The final class of figures are those that will always make it into the main body of the final report. The important elements to think about when designing and selecting figures for the results section are clarity and relevance. The figures need to clearly display relevant elements of the data that help the reader to draw conclusions. The complexity of the conclusions depend on the nature of the study. Inferential statistics are not always possible nor necessary in order to tell the story that is contained in the data. Often the simplest figures prove to be the most effective.
Libraries used
library(tidyverse)
library(aqm)
library(sf)
library(mgcv)
library(plotly)
8.1 Quick exploratory plots
Base graphics in R produce quick, simple figures that can useful in the intial stages of analysis.
For example, if we have a variable called height in a data frame called d then just typing hist(d$height) in a code chunk or the console produces a quick histogram. Simple boxplots and scatter plots are just as easy.
data(arne_2019)
hist(pine_hts$HeCM)
boxplot(pine_hts$HeCM)
plot(pine_hts$DiMM,pine_hts$HeCM)
If one of the variables is categorical then a call to a base plot adjusts to form a boxplot rather than a sctterplot
pine_hts$Site<-as.factor(pine_hts$Site)
plot(pine_hts$Site, pine_hts$Age)
Base graphics are really quick to use and they don’t involve typing long pieces of code. Although they can be customised to produce really neat figures, they tend to have a rather “retro” look and feel. So it is worth learning how to make modern looking graphics.
8.2 Introduction to grammar of graphics plots
In order to produce figures that can be really honed up to publication quality we will use the package ggplots2.
Grammar of Graphics plots (ggplots) were designed by Hadley Wickam, who also programmed dplyr. This is “tidy” approach to programming that is more powerful than base R. The syntax differs from base R syntax in various ways. It can take some time to get used to. However ggplots provides an extremely elegant framework for building really nice looking figures with comparatively few lines of code.
8.3 Simple bar charts
The simplest figures of all are probably barcharts.
Barcharts are used when the data consist of counts or percentage. Sometimes barcharts have been used to show means. These sort of barcharts with confidence intervals are inferential and are also known as “dynamite charts”. Although they are still used in some publications dynamite plots are best avoided. We will retun to this issue, but you may want to have a quick look at http://emdbolker.wikidot.com/blog:dynamite
Genuine barcharts are non inferential. In other words no statistical tests are associated with them directly. They are simply used to display information.

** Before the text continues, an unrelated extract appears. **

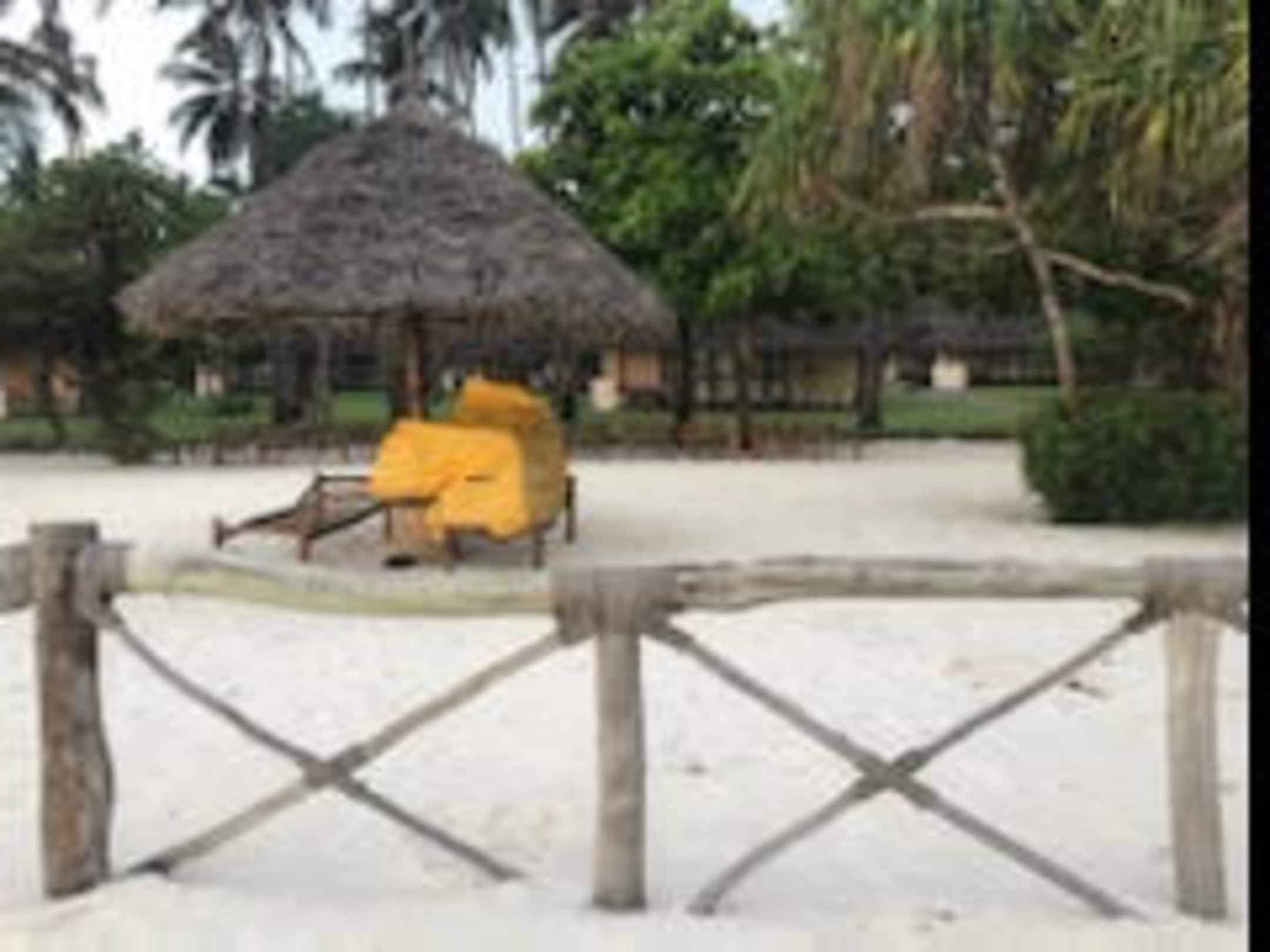 unsere Liegen mit dem Schirm, dahinter unser Bungalow Nr. 104...perfekter geht es nicht

Let’s look at the simplest case possible where barcharts may be used. At the end of Spetember 2019 a group of Bournemouth University students monitored the traffic on the roads around the campus. They provided data on the counts of different types of vehicles passing each hour. Here is their data as they summarised it.
data(butraffic)
dt(butraffic)
These very simple data have no replication at all. Therefore there is no possibility of conducting any form of inferential statistical analysis. Sometimes a Chi Squared goodness of fit test can be used to test whether there is a significant difference between counts in each group, but this would clearly not be appropriate in this case as the differences are very apparent. However we can show the results to the reader more clearly through a figure than a table.

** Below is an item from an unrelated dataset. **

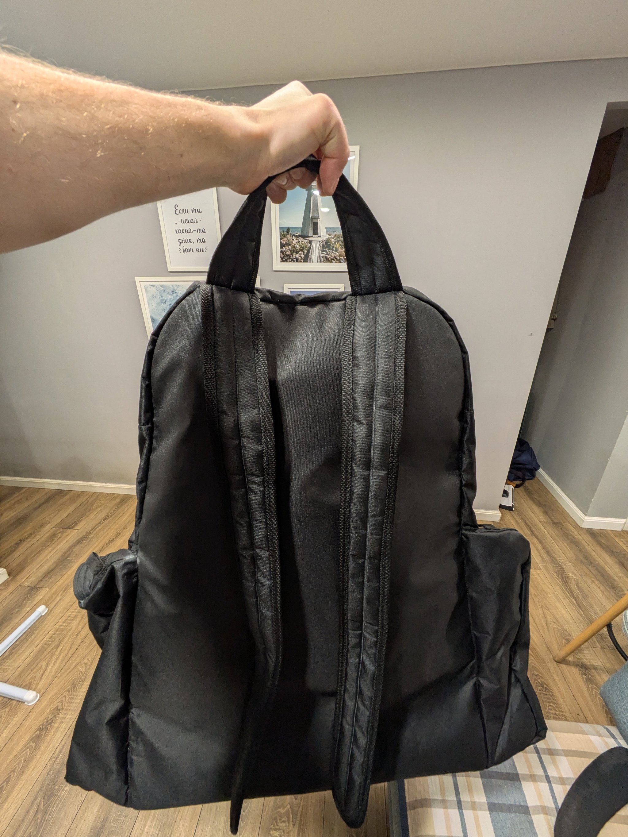 Далее застегнул молнию, закинул вещи в рюкзак, закрепил низ на зажимчики, накинул на плечи и как пооооонял... Спинка довольно мягкая, лицевой и центральной части тоже не хватает жёсткости..а это уже проблемка

To form a standard barchart in gglots we first need to decide how the data will be mapped onto the elements that make up the plot. The term for this in ggplot speak is “aesthetics”- Personally I find the term aestehetics to represent mapping a bit misleading. I would instinctively assume that aesthetics refers to the colour scheme or other visual aspect of the final plot. In fact the aesthetics are the first thing to decide on, rather than the last.

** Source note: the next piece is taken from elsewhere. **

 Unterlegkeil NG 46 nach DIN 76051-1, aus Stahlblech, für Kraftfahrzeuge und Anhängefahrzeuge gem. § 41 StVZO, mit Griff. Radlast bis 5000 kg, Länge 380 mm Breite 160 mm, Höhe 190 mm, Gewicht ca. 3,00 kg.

The way to build a ggplot is by first forming an invisible object which represents the mapping of data onto the page. The way these data are presented can then be changed through adding differnt geometries. The only aesthetics (mappings) that you need to know about for basic usage are x,y, colour, fill, group and label. The x and y mappings coincide with axes, so are simple enough. Remember that a histogram maps onto the x axis. The y axis shows either frequency or density so is not mapped directly as a variable in the data.
The variable on the x axis in this case would be the Vehicle type. The count of the number of vehicles would be placed on the y axis. If we want to label the figure with the actual number counted (which is good practice for barcharts if feasible) we could add a label aesthetic as well.
g0<-ggplot(butraffic,aes(x=Vehicle,y=Count, label=Count))
Now let’s plot out the barplot. We do that by adding a geometry. There are two geometries that could be used heere. The simplest in this case is to use geom_col and add the label. We’ll assign the result to g1, then type the name g1 to plot it. That way if we want to continue modifying our plot we just add to g1.
g1<- g0 + geom_col() + geom_label()
# An alternative which does the same thing is geom_bar with identity stat.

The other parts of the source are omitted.